Sentuhan Tuhan tidaklah harus yang sedemikian hebat dan mengagumkan, dan mungkin saja malah yang kelihatan begitu sepele. Namun bagi yang bersangkutan, hal tersebut pasti akan dirasakan begitu menakjubkan. Rasanya pengalaman rohani yang memberikan sukacita ini perlu diwartakan, perlu disampaikan, bahwa Tuhan berkarya terus menerus sampai sekarang maupun yang akan datang.

Masalah orang lain tidak percaya atau meragukan, tidak perlu diambil hati. Tuhan Yesus sendiri saja juga tidak dipercaya oleh para imam, ahli Taurat maupun kaum Farisi. Mereka termasuk dedengkotnya dalam hal agama dan keyakinan Yahudi. Sejarah mengajarkan bahwa mereka termasuk orang-orang yang dihormati karena kedekatannya dengan Yahwe. Masyarakat awam pasti lebih menuruti perkataannya jika berbicara masalah keyakinan.

Mereka pasti orang sehat jasmani, bisa melihat dan membaca sehingga wawasannya lebih banyak dibanding dengan yang awam. Kitab Taurat dan kitab para nabi mungkin sudah menjadi salah satu santapan harian. Mungkin perkembangan dogma itu sendiri tumbuh secara perlahan. Dari sepuluh perintah Allah, secara perlahan mereka beranak-pinak, entah menjadi berapa banyak. Salah satunya adalah dogma tentang larangan pada hari Sabat.

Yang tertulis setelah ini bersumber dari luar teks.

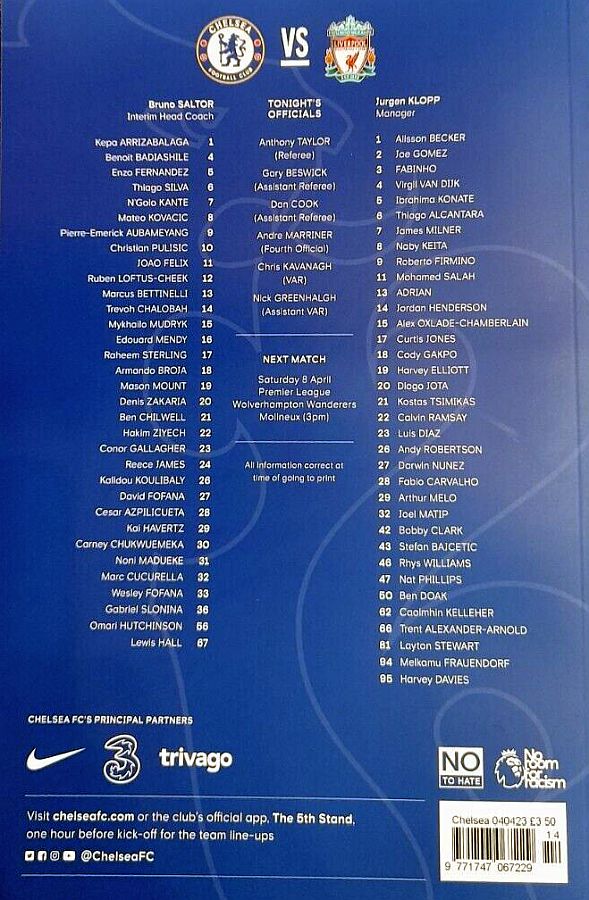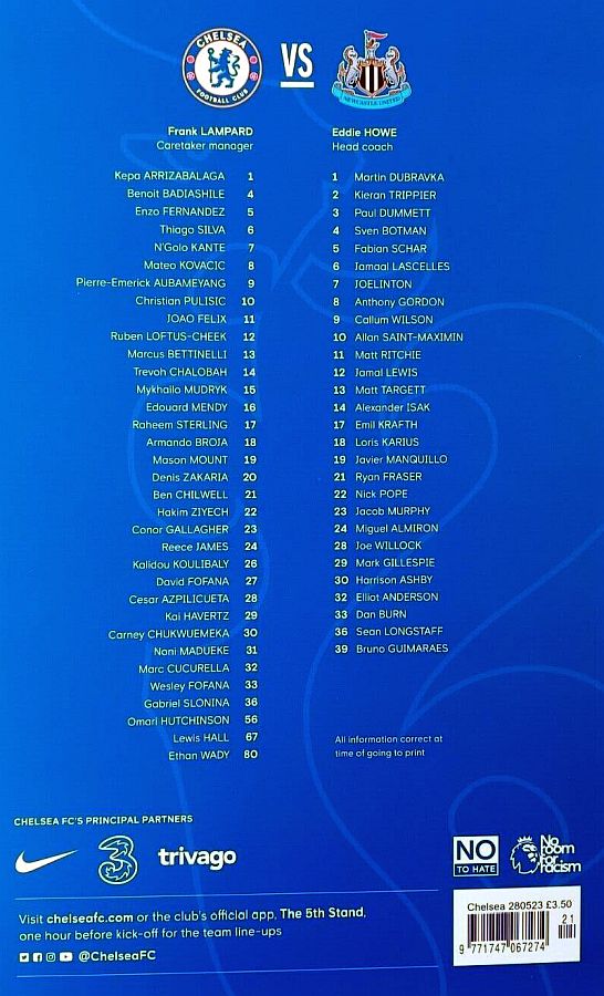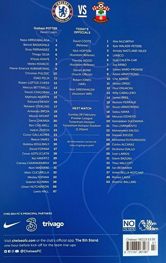 1 Kepa, 5 Enzo Fernandez, 14 Trevoh Chalobah, 15 Mykhailo Mudryk (10 Christian Pulisic 64), 23 Conor Gallagher (27 David Fofana 82), 28 Cesar Azpilicueta, 29 Kai Havertz (11 Joao Felix 64), 30 Carney Chukwuemeka (12 Ruben Loftus-Cheek 82), 31 Noni Madueke (22 Hakim Ziyech 82), 33 Wesley Fofana, 67 Lewis Hall |

Mereka yang bisa melihat segala macam ajaran, malah tidak bisa melakukan seperti yang mereka lihat. Secara perlahan pula muncul rekayasa alternatif sebagai pengganti yang tidak bisa dilakukan tersebut. Akhirnya akan muncul, ungkapan “apabila tidak bisa melakukan seperti ini, maka bisa digantikan dengan melakukan seperti itu.” Seperti itu biasanya relatih lebih mudah dibandingkan dengan seperti ini.

Mungkin kita pernah mendengar keluhan atau malahan mendekati gossip terhadap seseorang. Kita membicarakan seseorang yang jarang sekali ke gereja dan kita berpraduga bahwa dia mau murtad. Secara tidak langsung muncul anggapan bahwa orang yang lebih sering ke gereja itu mesti lebih baik, dibandingkan dengan yang jarang ke gereja. Padahal pada saat tersebut, yang dibutuhkan mungkin pencerahan, penerangan melalui kunjungan dan dialog. Di sisi lain si pengunjung akan lebih mengenal dan akhirnya bisa memaklumi keadaan orang tersebut.

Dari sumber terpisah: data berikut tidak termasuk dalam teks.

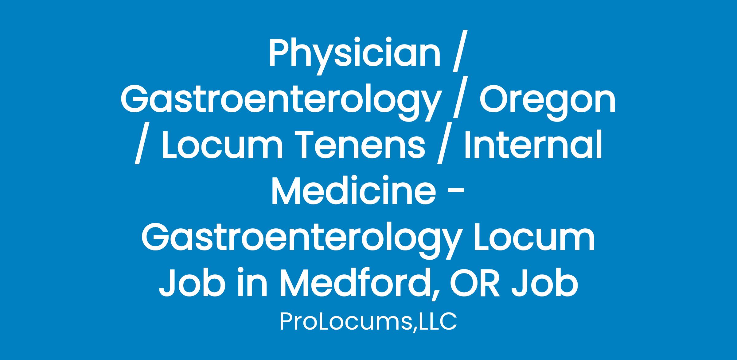 Physician / Gastroenterology / Oregon / Locum Tenens / Internal Medicine - Gastroenterology Locum Job in Medford, OR Job

Paling tidak, menyampaikan kesaksian akan karya Tuhan, hampir sama dengan mewartakan kabar gembira. Masih banyak orang-orang sederhana yang menantikan kabar sukacita tersebut, dengan penerimaan yang sederhana juga. Mungkin yang begitu rohani malahan harus diterima dengan kesederhanaan bahwa sebenarnya kita bukan apa-apa. Dalam ketidak berdayaan kita, jangan-jangan kita malah bisa lebih pasrah kepada Sang Pencipta. Dalam kepasrahan total ini, jangan-jangan malahan itulah yang disukai Tuhan. Biarlah Tuhan yang menguasai kehidupan kita, bukan ego kita yang menang.